# [ABOUT THIS TASK]
Give back exactly the lines of the material below, starting with the line with "in luminous splashesImage" and going on through the line with "スマートパワーモード:68km オートエコモード:100km |".

# [INPUT RECORDS]
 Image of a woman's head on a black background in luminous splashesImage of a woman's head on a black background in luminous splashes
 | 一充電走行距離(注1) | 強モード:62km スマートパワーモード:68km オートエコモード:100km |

---

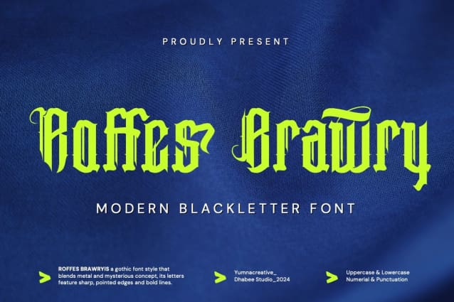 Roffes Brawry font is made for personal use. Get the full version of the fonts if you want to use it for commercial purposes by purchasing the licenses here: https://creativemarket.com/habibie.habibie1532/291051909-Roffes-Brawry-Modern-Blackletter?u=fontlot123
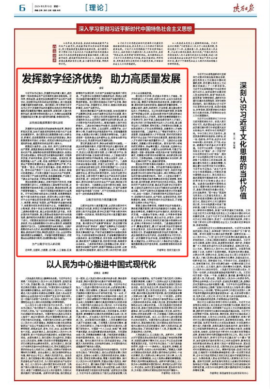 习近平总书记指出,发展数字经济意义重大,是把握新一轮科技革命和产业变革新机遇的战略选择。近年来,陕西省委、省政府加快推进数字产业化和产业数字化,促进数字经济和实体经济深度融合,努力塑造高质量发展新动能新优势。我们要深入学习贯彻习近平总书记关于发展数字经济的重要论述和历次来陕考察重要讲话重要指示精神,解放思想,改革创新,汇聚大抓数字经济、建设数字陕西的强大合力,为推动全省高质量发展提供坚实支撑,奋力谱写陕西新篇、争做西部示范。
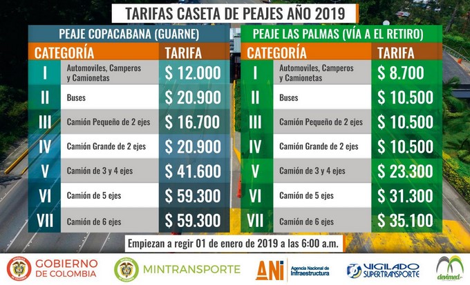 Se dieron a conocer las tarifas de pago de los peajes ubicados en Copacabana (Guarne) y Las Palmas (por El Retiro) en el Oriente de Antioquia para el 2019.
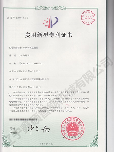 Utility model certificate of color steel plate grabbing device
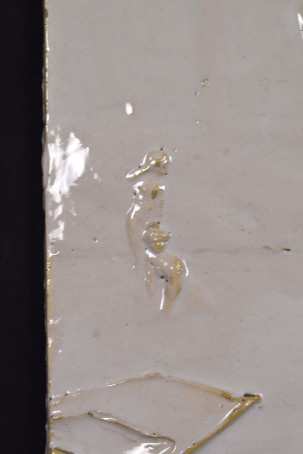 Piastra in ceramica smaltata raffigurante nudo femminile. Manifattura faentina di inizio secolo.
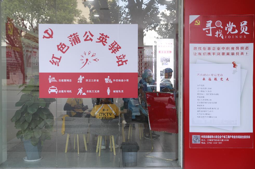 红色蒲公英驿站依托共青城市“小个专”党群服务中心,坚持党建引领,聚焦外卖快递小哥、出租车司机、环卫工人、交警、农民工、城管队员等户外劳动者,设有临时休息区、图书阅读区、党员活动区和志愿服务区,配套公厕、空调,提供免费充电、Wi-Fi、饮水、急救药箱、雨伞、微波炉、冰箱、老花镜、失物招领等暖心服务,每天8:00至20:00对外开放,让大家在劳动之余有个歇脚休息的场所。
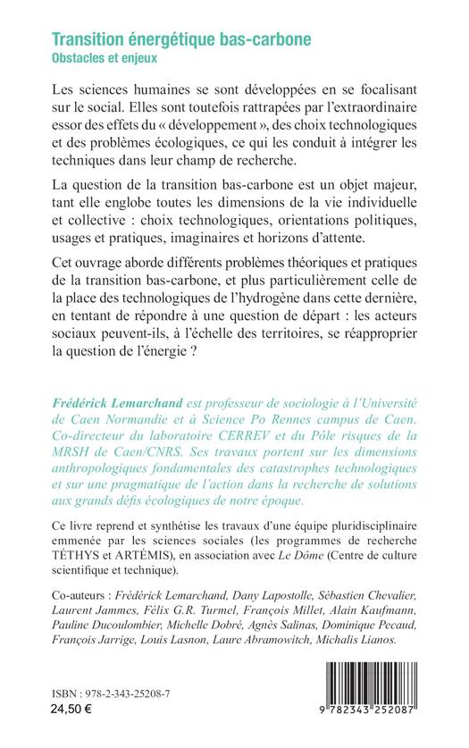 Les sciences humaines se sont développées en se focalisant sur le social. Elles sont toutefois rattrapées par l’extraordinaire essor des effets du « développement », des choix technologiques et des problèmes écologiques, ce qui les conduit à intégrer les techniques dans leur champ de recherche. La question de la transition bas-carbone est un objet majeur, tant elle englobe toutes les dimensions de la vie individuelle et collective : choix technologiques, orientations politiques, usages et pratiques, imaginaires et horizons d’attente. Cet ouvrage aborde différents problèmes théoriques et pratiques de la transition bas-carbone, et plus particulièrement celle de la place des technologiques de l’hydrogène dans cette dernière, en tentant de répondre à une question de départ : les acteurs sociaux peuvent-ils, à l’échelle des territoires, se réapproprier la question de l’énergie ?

# [THE ANSWER]
 Image of a woman's head on a black background in luminous splashesImage of a woman's head on a black background in luminous splashes
 | 一充電走行距離(注1) | 強モード:62km スマートパワーモード:68km オートエコモード:100km |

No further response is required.